Thu. Jun 17th, 2021

Types of Hummingbirds

Hummingbirds are beloved creatures to many because of their beautiful colors and jewel-like appearance. They are welcomed by homeowners and garden caretakers around the world because of their delicate beauty. They are also feisty little creatures, capable of total independence and a curiosity about humans that we find irresistible. They are adored in many places in the world and are revered in old myths as symbols of beauty and hope.

Types of Hummingbirds

Different Types of Hummingbirds

There are around 300 types of hummingbirds spread out throughout the Americas. These birds are among the smallest in the avian family, with some species weighing less than a nickel. Here are seven types of hummingbirds you should get to know.

Bee Hummingbird

Also known as the Helena hummingbird or zunzuncito, the Mellisuga hellenae is the smallest bird in the world. It is found in Cuba, especially in the Isla de la Juventud. The male of the species shows off an iridescent gorget accessorized by long side plumes, a green crown, and a bright magenta throat. Females appear with blue-green feathers with a light gray underside. White spots are often found on the tail feathers, particularly the tips. The female produces two eggs per breeding cycle and they are as big as a coffee bean.

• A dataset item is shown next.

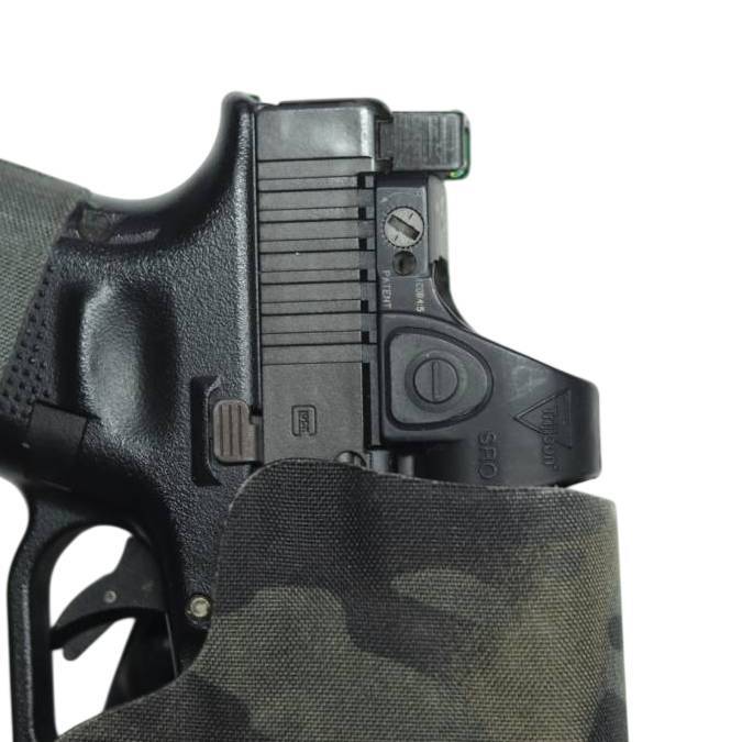 (ご注意) スライド部分でホルスターに固定する為、セレクターの付いたGlock18Cやスライドが通常のエアガンより分厚いマルイ製 Glock17 Gen3などは非対応です。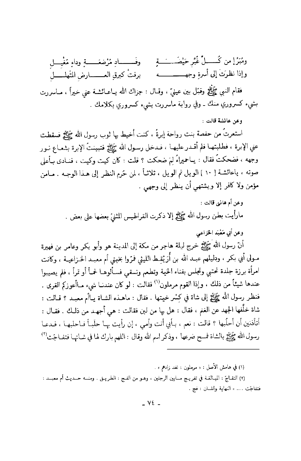 فقام النبي صَلَّى اللهُ عَلَيْهِ وَسَلَّمَ وقبل بين عيني، وقال: " جزاك الله يا عائشة عني خيراً، ما سررت بشيء كسروري منك وفي رواية ما سررت بشيء كسروري بكلامك. " وعن عائشة رضي الله عنها قالت: " استعرت من حفصة بنت رواحة إبرةً، كنت أخيط بها ثوب رسول الله صَلَّى اللهُ عَلَيْهِ وَسَلَّمَ فسقطت عني الإبرة، فطلبتها فلم أقدر عليها، فدخل رسول الله صَلَّى اللهُ عَلَيْهِ وَسَلَّمَ فتبينت الإبرة بشعاع نور وجهه، فضحكت فقال: يا حميراء لم ضحكت؟ قلت: كان كيت وكيت، فنادى بأعلى صوته، يا عائشة الويل ثم الويل، ثلاثاً، لمن حرم النظر إلى هذا الوجه. ما من مؤمن ولا كافر إلا ويشتهي أن ينظر إلى وجهي. وعن أم هانئ رضي الله عنها قالت: ما رأيت بطن رسول الله صلى الله صَلَّى اللهُ عَلَيْهِ وَسَلَّمَ إلا ذكرت القراطيس المثني بعضها على بعض. وعن أبي معبد الخزاعي: أن رسول الله صَلَّى اللهُ عَلَيْهِ وَسَلَّمَ خرج ليلة هاجر من مكة إلى المدينة هو وأبو بكر رضي الله عنه وعامر بن فهيرة مولى أبي بكر، ودليلهم عبد الله بن أريقط الليثي فمروا بخيمتي أم معبد الخراعية، وكانت امرأة برزة جلدة تحتبي وتجلس بفناء الخيمة وتطعم وتسقي فسألوها لحماً أو تمراً، فلم يصيبوا عندها شيئاً من ذلك، وإذا القوم مرملون فقالت: لو كان عندنا شيء ما أعوزكم القرى. فنظر رسول الله صَلَّى اللهُ عَلَيْهِ وَسَلَّمَ إلى شاة في كسر خيمتها. فقال: " ما هذه الشاة يا أم معبد؟ " قالت: شاة خلفها الجهد عن الغنم، فقال: " هل بها من لبن " فقالت: هي أجهد من ذلك. فقال: " أتأذنين أن أحلبها؟ " قالت: نعم، بأبي أنت وأمي، إن رأيت بها حلباً فاحلبها، فدعا رسول الله صَلَّى اللهُ عَلَيْهِ وَسَلَّمَ بالشاة فمسح ضرعها، وذكر اسم الله وقال: " اللهم بارك لها في شاتها " فتفاجت

The wings of the bee hummingbird beat about 80 times per second during flight. However, they beat more than twice that rate when they are courting – around 200 times a second. They are so light and tiny that a dime weighs more than a single bird.

Ruby-Throated Hummingbird

The Archilochus colubris is often found in the U.S. during the summer. They often stay in the eastern region where they mate and build nests. This type is named after the colorful male, who sports a bright red gorget, which contrasts with the white throat and breasts. The females of this type are often plain-looking aside from the bright green and pure white coloring.

The ruby-throated hummingbird loves to hang out at nectar feeders, which makes them quite visible in many backyards, particularly those that have plenty of nectar-producing plants.

Rufous Hummingbird

The Selasphorus rufus sports an almost straight bill and short wings. Like most types of hummingbirds, the adult males sport a more attractive color. The rufous’ back and stomach are bright orange, while its throat is an iridescent red. Younger hummingbirds of this type and females sport a green tail with rust-colored patches. In many of these birds, females may have a small patch of orange on their throats. In strong light, rufous hummingbirds are easy to spot – they glow like a flame or a live coal.

This tiny powerhouse is fast like most hummingbirds and capable of maneuvering accurately. They are brave little defenders of their territory, chasing away even other hummingbirds. Aside from nectar, they also enjoy insects in their diet.

Allen’s Hummingbird

Allen’s hummingbird sports one of the prettiest color combinations in Nature – copper and green. Males show off their brilliant red-orange throats, especially when they are trying to attract the attention of the female. The female also sports the lovely colors but does so in a more washed fashion. The metallic green color appears in patches on her head and back, while the pale copper covers her flanks. These birds often show up in early spring, particularly in the West Coast. They spend the winter months in Mexico, although some hummers may prefer to stick around in southern California all year.

Costa’s Hummingbird

The Calypte costae is one of the most attention-getting hummingbirds around. The male of this type has a bright pink or purple crown and gorget. The purple/pink explodes along the sides of the bird’s throat, making it appear regal. The female’s color does not have the iridescent quality of the male. She has a white underbody and greenish upperparts.

osta’s hummingbirds like hot, open areas, hence they are often found in regions that enjoy desert climates. They can be seen in the Mojave and Sonoran Deserts in February until May. They are quite rare in the cities and may visit coastal California in small numbers. They are quite shy and prefer feeders that are placed apart from other feeders where bigger birds hang out.

Broad-Tailed Hummingbird

The Selasphorus platycercus is the gem of elevated mountain meadows. Males have stunning magenta-colored throats that females lack. The females do make up for it by the metallic green spots on their backs, throats, cheeks, and wings. When these birds fly, they produce a distinctive zinging sound instead of the humming that other types make.

Because they prefer to live in elevated areas, broad-tailed hummingbirds have to survive in lower mountain temperatures. At night when the birds sleep, their heart rate slows down in a state of torpor. In the morning when the sun warms them again, their heart rate simply increases.

Black-Chinned Hummingbirds

The Archilochus alexandri is commonly seen in the west. The males have a dark gorget and white collar, contrasted dramatically by an iridescent purple splash of color. Females, on the other hand, have a lovely combination of white underparts and green upper bodies. Some females may show pale streaking along their throat. One of their distinguishing characteristics is their long bills. They are found in many places and capable of surviving in different conditions. In winter, they fly off to the Gulf Coast.

The black-chinned hummingbird picks a favorite perch, such as a tree branch when they want to stay to check things out. They feed quickly and happily among flowers and areas where insects are found.